The year 2025 was the 10th year in the history of the Brave Combat Federation, a mixed martial arts promotion based in Bahrain.

==List of events==

| # | Event | Date | Venue | Location |
|---|---|---|---|---|
| 1 | Brave CF 93 | April 18, 2025 | Henan TV Studio 8 | Zhengzhou, China |
| 2 | Brave CF 94 | May 17, 2025 | Geneva Arena | Geneva, Switzerland |
| 3 | Brave CF 95 | May 31, 2025 | Pabellón Santiago Martín | Tenerife, Spain |
| 4 | Brave CF 96 | June 7, 2025 | Hala Tivoli | Ljubljana, Slovenia |
| 5 | Brave CF 97 | July 12, 2025 | Arena Burgas | Burgas, Bulgaria |
| 6 | Brave CF 98 | September 19, 2025 | Henan TV Studio 8 | Zhengzhou, China |
| 7 | Brave CF: Georgia vs.

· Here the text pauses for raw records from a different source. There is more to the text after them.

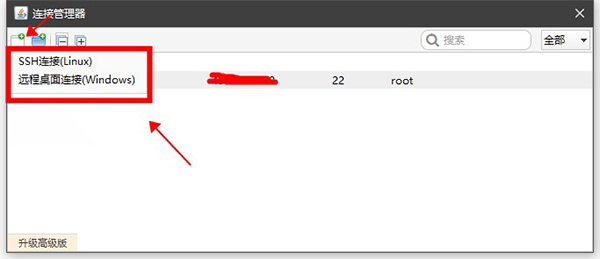 4、点击加号图标,然后选择ssh连接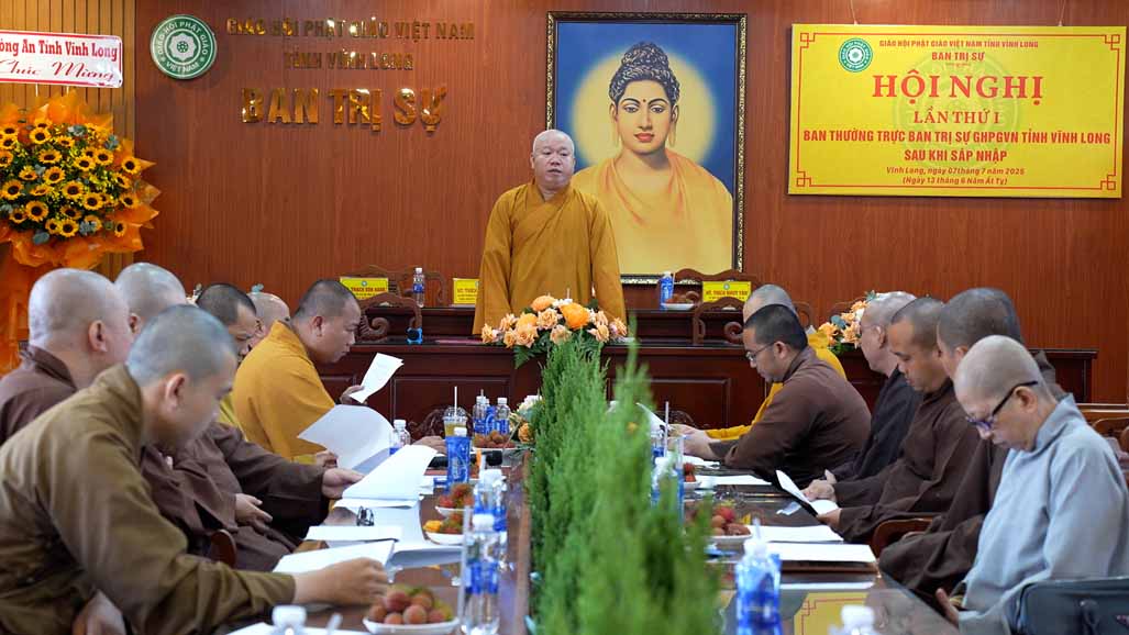 Sáng ngày 07/ 7/ 2025 (12 tháng 6 năm Ất Tỵ), tại Văn phòng ban Trị sự GHPGVN tỉnh Vĩnh Long. Chùa Phật Ngọc Xá Lợi, Ban Thường trực ban Trị sự GHPGVN tỉnh đã trang nghiêm tổ chức Hội nghị lần thứ nhất, công bố Quyết định công cử nhân sự chủ chốt sau khi thực hiện việc sáp nhập hành chính theo chủ trương của Trung ương Giáo hội.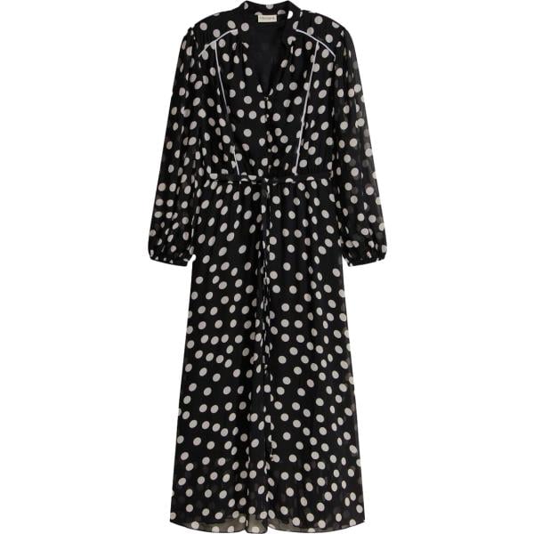 Questo abito midi conquista con il suo design sofisticato che esalta la figura e il gusto raffinato di chi lo indossa. Il taglio semplice e le fini spalline si combinano con un elegante scollo a v decorato da preziosi dettagli. Perfetto per la metropoli, si adatta a innumerevoli occasioni, trasformando la quotidianità in un'elegante espressione di stile.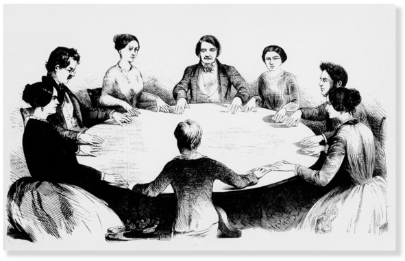 Первое выступление Дэниэла Юма в петергофской резиденции императорской семьи произошло 8 июля 1858 года на вечернем собрании у государя Александра II. Представители императорской фамилии59 и гости60 сидели за круглым столом, положив на него руки. В комнате раздавались стуки, которыми «духи» отвечали на задаваемые вопросы. В какой-то момент стол приподнялся над полом, гости чувствовали прикосновение рук, и «духи» даже перенесли по воздуху колокольчик из рук императора принцу Вюртембергскому…61 Спиритический сеанс имел большой успех.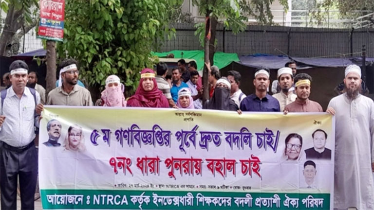 পঞ্চম গণবিজ্ঞপ্তি প্রকাশের আগেই বদলির প্রজ্ঞাপন জারির দাবিতে মানববন্ধন করেছেন বেসরকারি শিক্ষাপ্রতিষ্ঠানের শিক্ষকরা। বুধবার (২৭ মার্চ) সকালে বেসরকারি শিক্ষক নিবন্ধন ও প্রত্যয়ন কর্তৃপক্ষের (এনটিআরসিএ) কার্যালয়ের সামনে এ কর্মসূচি পালন করেন তারা।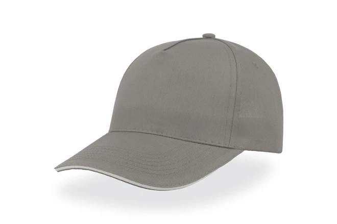 5-panel cap made of 100% lightweight cotton with a contrasting sandwich on the peak, suitable for all events and the promotional world. Velcro closure at the back.

The World | October 3, 2025 | Tbilisi New Sports Palace | Tbilisi, Georgia |
| 8 | Brave CF 99 | October 18, 2025 | Twinsbet Arena | Vilnius, Lithuania |
| 9 | Brave CF 100 | November 7, 2025 | Khalifa Sports City Stadium | Isa Town, Bahrain |
| 10 | Brave CF 101 | November 9, 2025 | Khalifa Sports City Stadium | Isa Town, Bahrain |
| 11 | Brave CF 102 | November 23, 2025 | Hala Tivoli | Ljubljana, Slovenia |
| 12 | Brave CF 103 | December 21, 2025 | Bukhara Universal Sports Complex | Bukhara, Uzbekistan |

== Brave CF 93 ==

Brave CF 93 was a mixed martial arts event held by Brave Combat Federation on April 18, 2025 in Zhengzhou, China.

===Background===
The event marked the promotion's second visit to China and first since the country's much anticipated debut at Brave CF 84 in August 2024. This event also held in association with leading regional promotion Youde Fighting Ultimate (YFU).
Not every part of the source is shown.